Step 3: Create New Stack

In the AWS CloudFormation console, click on Create stack and select With new resources (standard).

Under Specify template, choose the Upload a template file option. Click Choose file and select the template file you downloaded earlier. Click Next.

Step 4: Enter Stack Details

Provide a Stack name and enter the required parameters:

Parameter Name	Description
ResourceNamePrefix	Resource prefix used by the Turbot Guardrails stack. Default is `turbot`.
StackResourceNamePrefix	Resource prefix for resources created by this stack. Default is `monitoring`.
EnterpriseVersion	The version of Turbot Enterprise. This should match the TE version you have installed (e.g., `5.46.0`).

Click Next after filling in the parameters.

Step 5: Configure Stack Options

Optionally, add tags or adjust advanced options as needed. For this guide, you can proceed with the defaults. Click Next.
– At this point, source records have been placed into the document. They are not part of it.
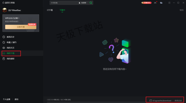 2.点击页面“我的下载”,可以看到已下载和下载中的视频,而下方的地址就是我们下载视频的保存地址,同样可以自由更改。
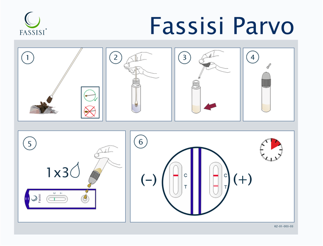 De Fassisi Parvo sneltest spoort parvovirus-antigenen snel en betrouwbaar op in ontlasting van hond en kat. Resultaat binnen enkele minuten, gebruiksklaar en nauwkeurig.
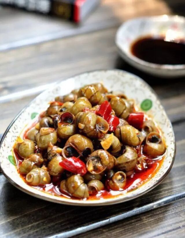 【2.辣炒田螺】 ▼ 食材:田螺、干辣椒、花椒、豆瓣、泡姜、蒜、泡椒、植物油、料酒、味精、盐、白糖。 做法: 1.田螺买回后,放清水里养3天,每天换一次水。用剪刀剪去屁股,洗净后,捞出,滤水。 2.锅内倒入适量油,放入花椒,炸出香味,捞出丢掉。 3.炒锅下油烧至八成熟,倒入田螺。 4.再下姜、蒜、泡椒、豆瓣一起炒香。 5.加入适量盐和少许砂糖炒匀。 6.加香菜、干辣椒,料酒炒出香味。 7.加入适量水,淹到田螺,中火烧至水分将干,亮油,加入少许味精拌匀,即可起锅。
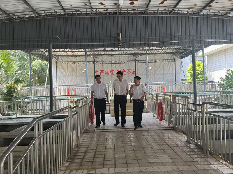 严斯亮一行首先前往制水厂区、化验室了解当前水源调度、水厂运行、供水能力等情况。随后,前往龙滩村取水口实地查看取水口防洪措施现状,对射洪水司当前防汛减灾工作采取的提前保障措施和供水保障给与了充分肯定。
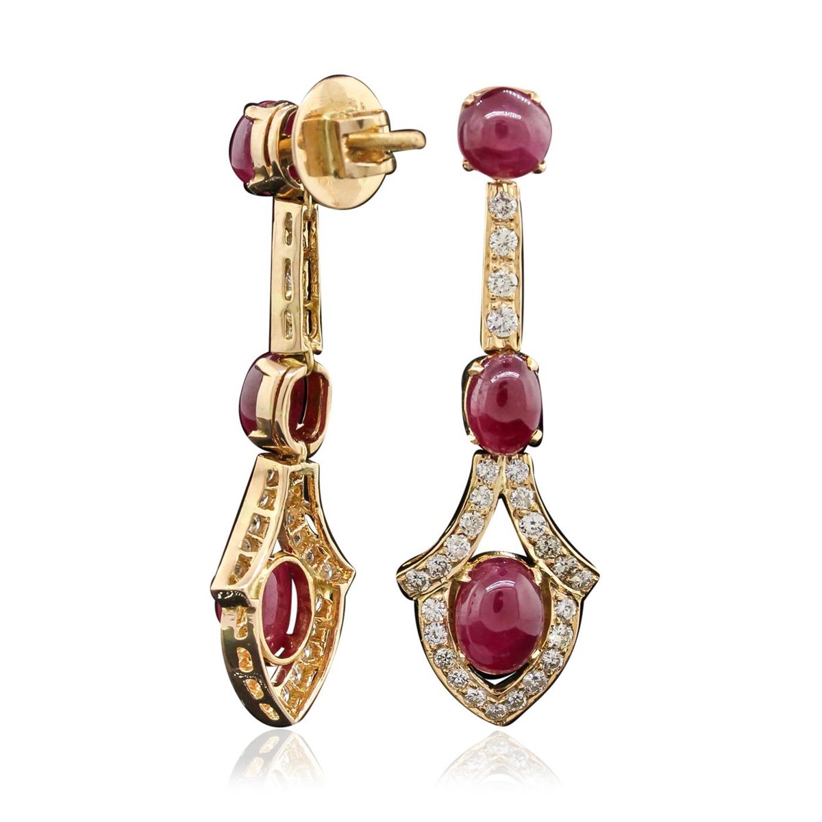 One electronically tested 18KT yellow gold ladies cast & assembled ruby and diamond suite. Condition is good. The suite features a necklace and a pair of earrings. The fourteen and one-half inch length necklace features a semi-rigid ruby and diamond curvature supported by a stylized link chain, terminating in a concealed clasp with safety. The suite is completed by a matching pair of ruby and diamond dangle earrings with screw backs. Bright polish finish. Containing: One prong set oval cabochon cut natural ruby, measuring 10.30 x 8.20 x 7.30mm, 6%. bulge factor, approximate weight of 7.06ct., clarity is severely included, type II, medium dark, very slightly brownish, slightly purplish red color, (GIA slpR 6/3), cut is good. Transmitting light very diffusely, opaque. Naturally occurring internal & external characteristics are present. Graded in the setting. Five prong set oval cabochon cut natural rubies, measuring 9.00 x 7.00 x 5.50mm, approximate. Total Weight of 18.80ct., clarity is severely included, type II, medium dark, very slightly brownish, slightly purplish red color, (GIA slpR 6/3), cut is good. Transmitting light very diffusely, opaque. Naturally occurring internal & external characteristics are present. Measurements & the color grade are an average for the group. Graded in the setting. Six prong set oval cabochon cut natural rubies, measuring 8.00 x 5.80 x 4.00mm, approximate. Total Weight of 12.10ct., clarity is severely included, type II, medium dark, very slightly brownish, slightly purplish red color, (GIA slpR 6/3), cut is good. Transmitting light very diffusely, opaque. Naturally occurring internal & external characteristics are present. Measurements & the color grade are an average for the group. Graded in the setting. Five prong set oval cabochon cut natural rubies, measuring 6.80 x 5.00 x 3.30mm, approximate. Total Weight of 6.15ct., clarity is severely included, type II, medium dark, very slightly brownish, slightly purplish red color, (GIA slpR 6/3), cut is good. Transmitting light very diffusely, opaque. Naturally occurring internal & external characteristics are present. Measurements & the color grade are an average for the group. Graded in the setting. Two prong set round cabochon cut natural rubies, measuring 6.00 x 6.00 x 4.00mm, approximate. Total Weight of 3.22ct., clarity is severely included, type II, medium dark, very slightly brownish, slightly purplish red color, (GIA slpR 6/3), cut is good. Transmitting light very diffusely, opaque. Naturally occurring internal & external characteristics are present. Color grade is an average for the group. Graded in the setting. Two Hundred Seventy bead set round brilliant cut diamonds, measuring 1.90 - 1.40 x 0.99mm (depth est.) approximate. Total Weight of 270 Stones = 4.52ct. Graded in the setting. Clarity: SI-1 to I-1. Color: H - J. Total Weight of Colored Stones 47.33ct. Total Weight of Diamonds 4.52ct. Total Weight of Suite 47.83 grams. AIG Appraised at $29,415.00.
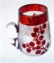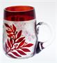 Více než 100 let stará pivní sklenice s uchem, vrstvené sklo - čiré jádro je přejímané rubínovým sklem, které je následně odleptávané. Půllitr byl vyroben na oslavu vzniku Československé republiky, mimo data 1918 nese ještě symboliku vavřínových a lipových ratolestí. Patrně luxusní dar pro význačnou osobnost z období první republiky (monogram J F, nebo J T?). Na čirém skle je filigránsky jemný dekor, nejspíš produkce jizerskohorských skláren Riedel, nebo Krásno nad Bečvou. Dobrý stav, rozměr - v. 12 x 14 x 10cm
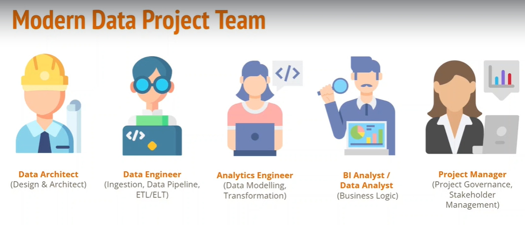 In this image, we have 4 different roles in Data Architect, Data Engineer, Analytics Engineer, and BI Analyst or Bi developer, etc. However, based on the Data Maturity of the companies we can have many of these roles clubbed into 1/2 roles.
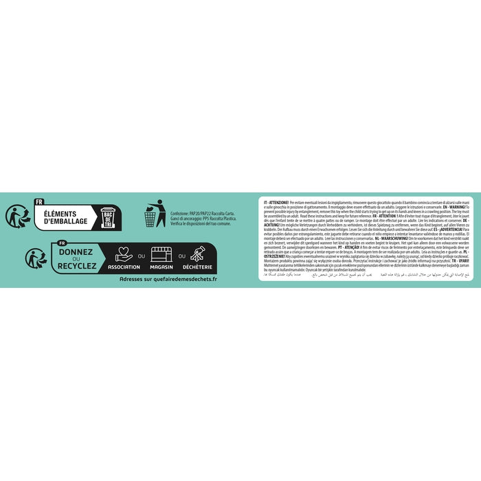 Un colorato volante da passeggino ricco di attività meccaniche, per portare il divertimento ovunque.
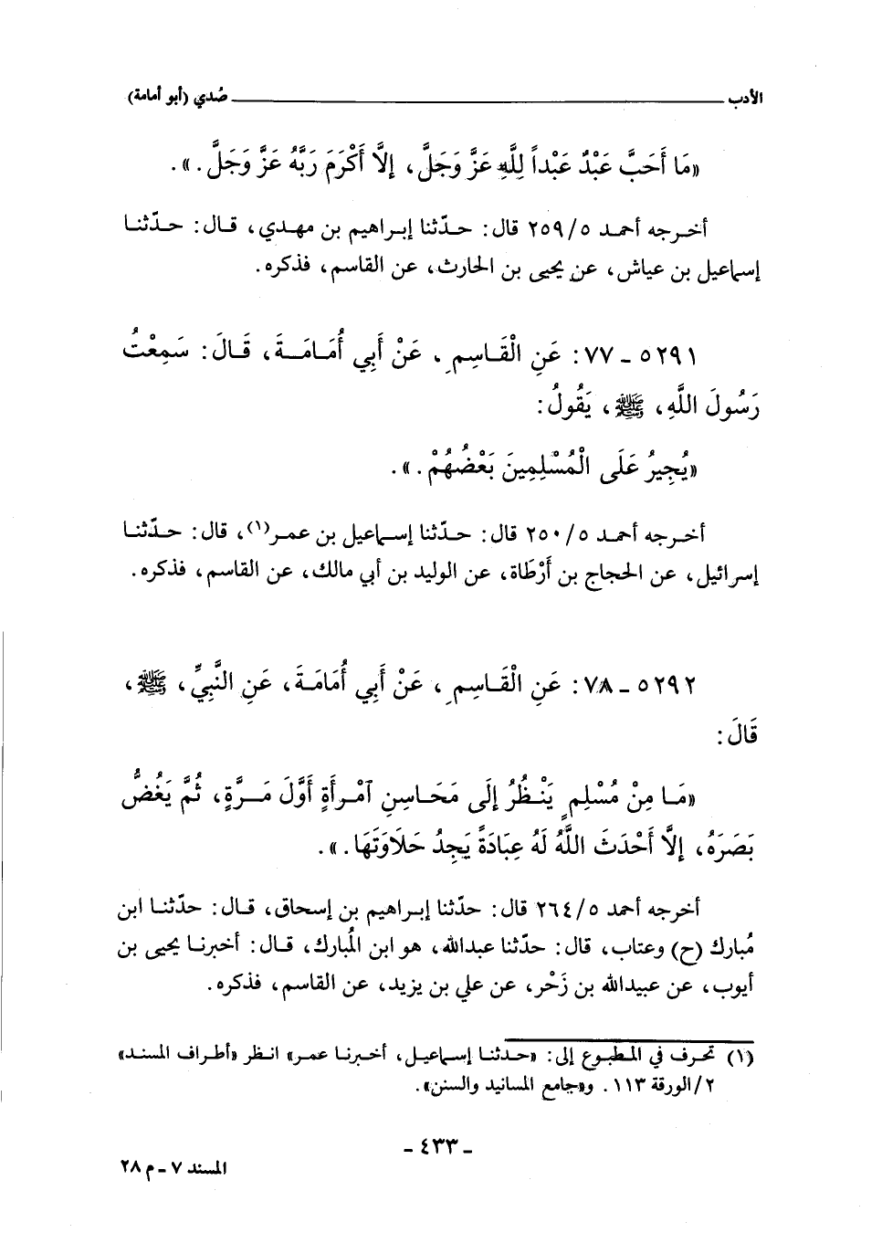 أخرجه أحمد ٥/ ٢٦٤ (٢٢٦٣٤) قال: حدّثنا إبراهيم بن إسحاق، حدّثنا ابن مُبارك (ح) وعتاب، قال: حدَّثنا عبد الله، هو ابن المُبارك، أخبرنا يحيى بن أيوب، عن عُبيد الله بن زَحْر، عن علي بن يزيد، عن القاسم، فذكره.

Step 6: Review and Create Stack

Review the stack details and ensure all parameters are correct. Acknowledge that AWS CloudFormation might create IAM resources by selecting the checkbox under Capabilities.

Click Create stack to initiate the stack creation process.

Step 7: Enable Termination Protection

It is recommended to enable Termination Protection on the CloudFormation stack to prevent accidental deletion. After the stack is created, navigate to the stack details, click on Stack actions, and select Enable termination protection.

Step 8: Verify Stack Creation

Wait for the stack status to reach CREATE_COMPLETE. This process may take several minutes.

Step 9: Verify Alarms Setup

Navigate to the CloudWatch service in the AWS Console and select Alarms from the sidebar. You should see the newly created alarms for your Turbot Enterprise environment.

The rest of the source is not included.